EXCAVATOR is a novel software package for the detection and classification of genomic regions involved in copy numner variants that uses whole-exome sequencing data generated by second generation sequencing technologies.
EXCAVATOR2 is a collection of bash, R and Fortran scripts and codes that analyses Whole Exome Sequencing (WES) data to identify CNVs. EXCAVATOR2 enhances the identification of all genomic CNVs, both overlapping and non-overlapping targeted exons by integrating the analysis of In-targets and Off- targets reads.
XCAVATOR is a novel software package for the identification of genomic regions involved in copy number variants/alterations (CNVs/CNAs) from short and long reads whole-genome sequencing experiments.
CNVAnalyst is a Java GUI for statistical, bioinformatic, and visual analyses of CNVs(copy number variants). CNVAnalyst assists in the choice of the optimal CNV calling method and its parameters for each CNV dataset.
cvnCapSeq is a set of Java-based command-line tools for detecting and genotyping copy number variation (CNV) in targeted resequencing experiments of large contiguous genomic regions.

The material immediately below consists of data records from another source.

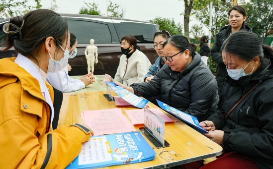 活动现场悬挂着醒目的条幅,服务项目涵盖内科、中医科、针灸科等,前来咨询和就诊的居民络绎不绝。中医脉诊、针灸体验引了众多居民驻足体验,医务人员耐心倾听居民们的健康困扰,细致地解疑释惑,从日常保健到疾病预防,为大家提供全面的健康建议。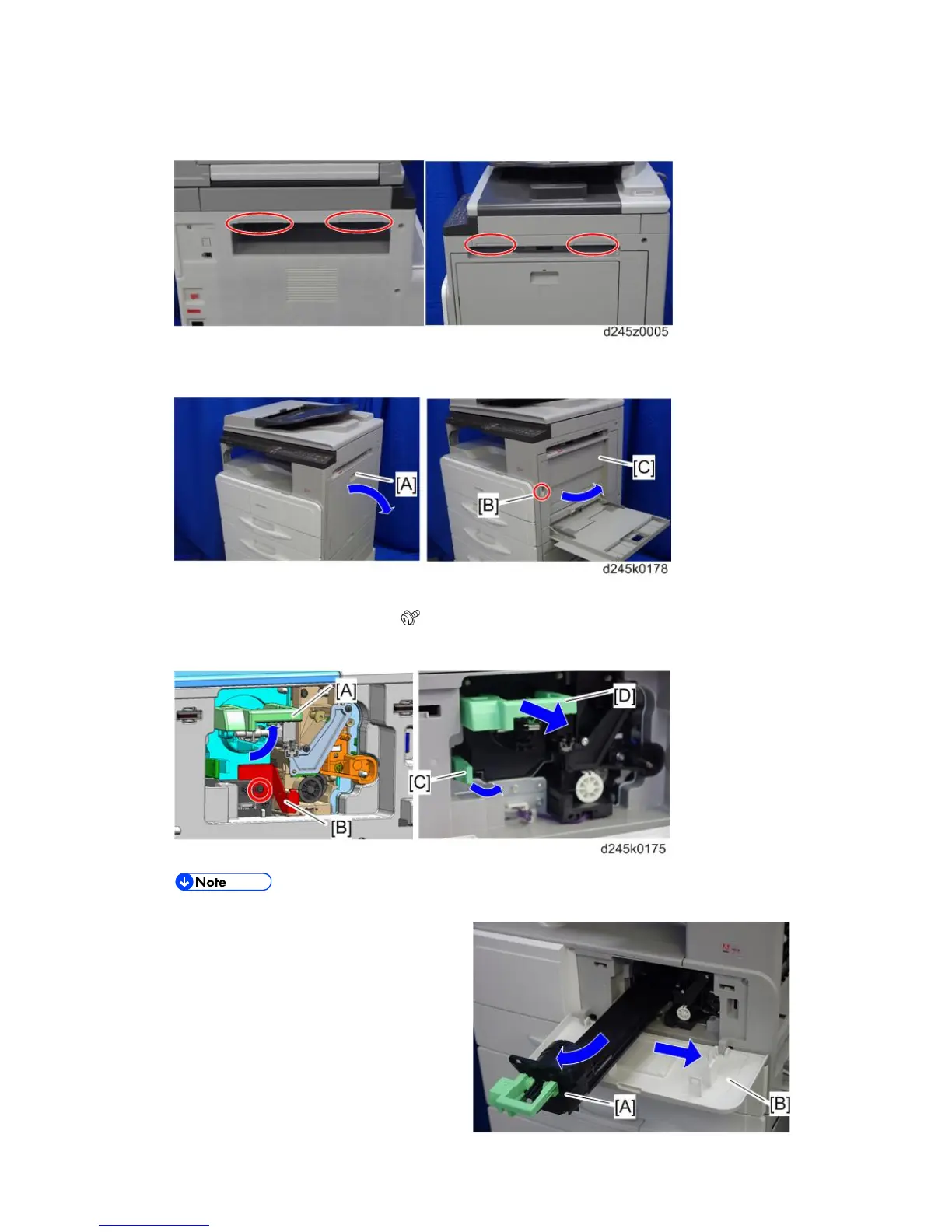 8. Release the lock lever [C], and then pull the toner bottle holder [D].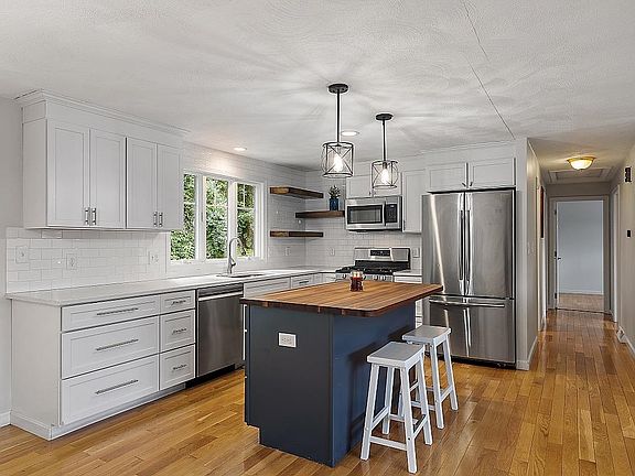 Enjoy a piece of paradise on a cozy cul-de-sac in this carefully kept 3 bed/1.5 bath raised ranch just north of the Massachusetts border in Nashua. Some features include an open-concept kitchen with quartz countertops, stainless steel appliances, shaker-style cabinetry, and a white subway-style backsplash. The dining and living room has an abundance of natural light with plenty of room for entertaining, all surrounded by glistening hardwood floors and a gleaming gas fireplace. Other features include a fully finished basement w/bonus room, a step-out slider leading to a privately fenced-in backyard including a putting green, retractable awning, and a garden area with plenty of space to create your own masterpiece. The location is a complementary commute to almost anywhere with easy access to Rt.3, Rt.111, and Rt. 113. Nashua is known for its suburban-style living and abundance of cafés, restaurants, shopping centers, and amenities such as Nashua Country Club, Boston Billiard Club & Casino, Mine Falls Park, and plenty of walking and hiking trails.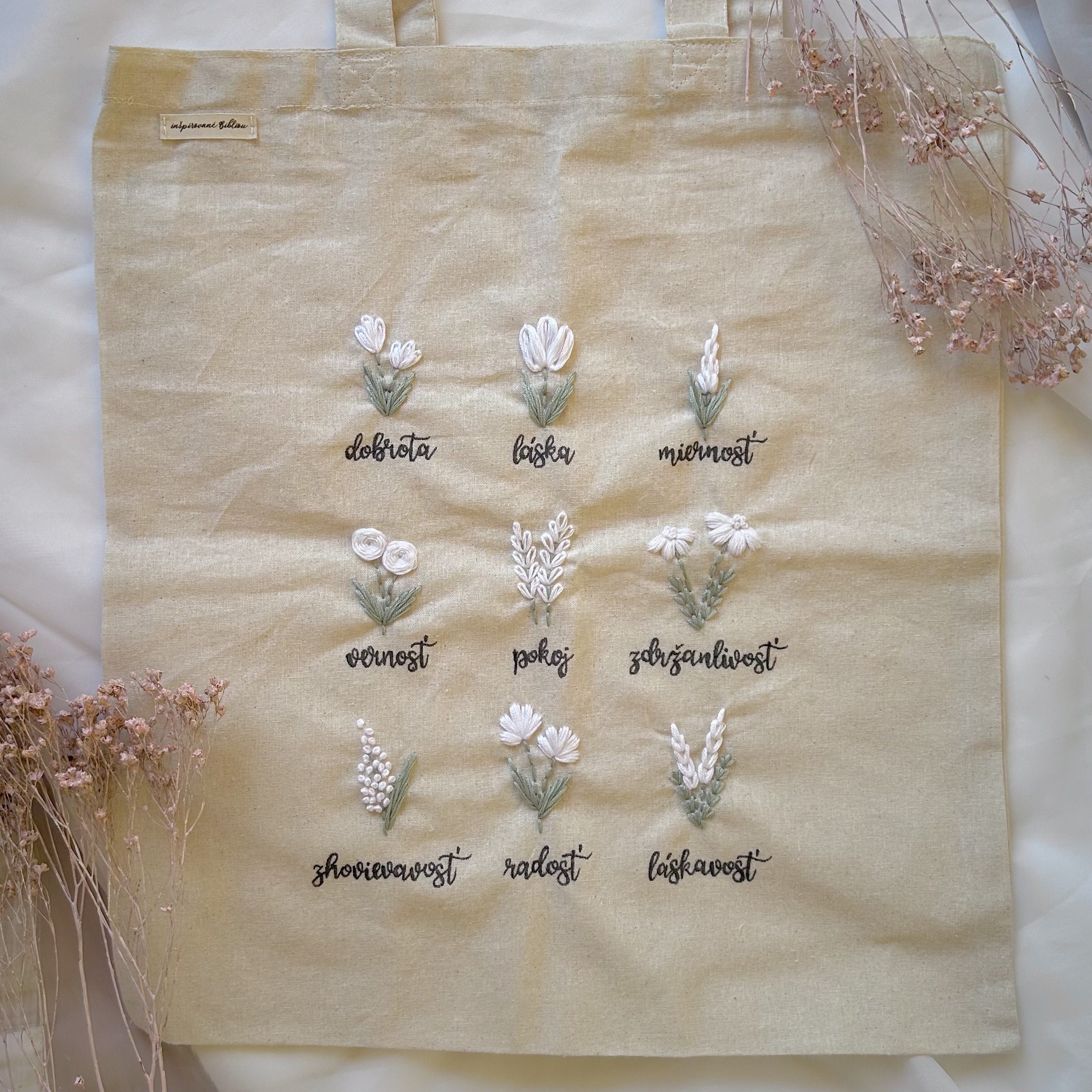 Vyšívaná taška ovocie Ducha – biela

SubPatCNV (Subspace Pattern-ming of Copy Number Variations) is a tool for mining CNV subspace patterns, which is able to identify all aberrant CNV regions specific to arbitrary patient subsets larger than a support threshold. SubPatCNV is an approximate association pattern mining algorithm under a spatial constraint on the positional CNV probe features. In the experiments on a large-scale bladder cancer dataset, SubPatCNV discovered many large aberrant CNV events in patient subgroups and also reported CNV regions highly specific to clinical variables such as tumor grade or stage and enriched with more known oncogenes compared with other existing CNV discovery methods.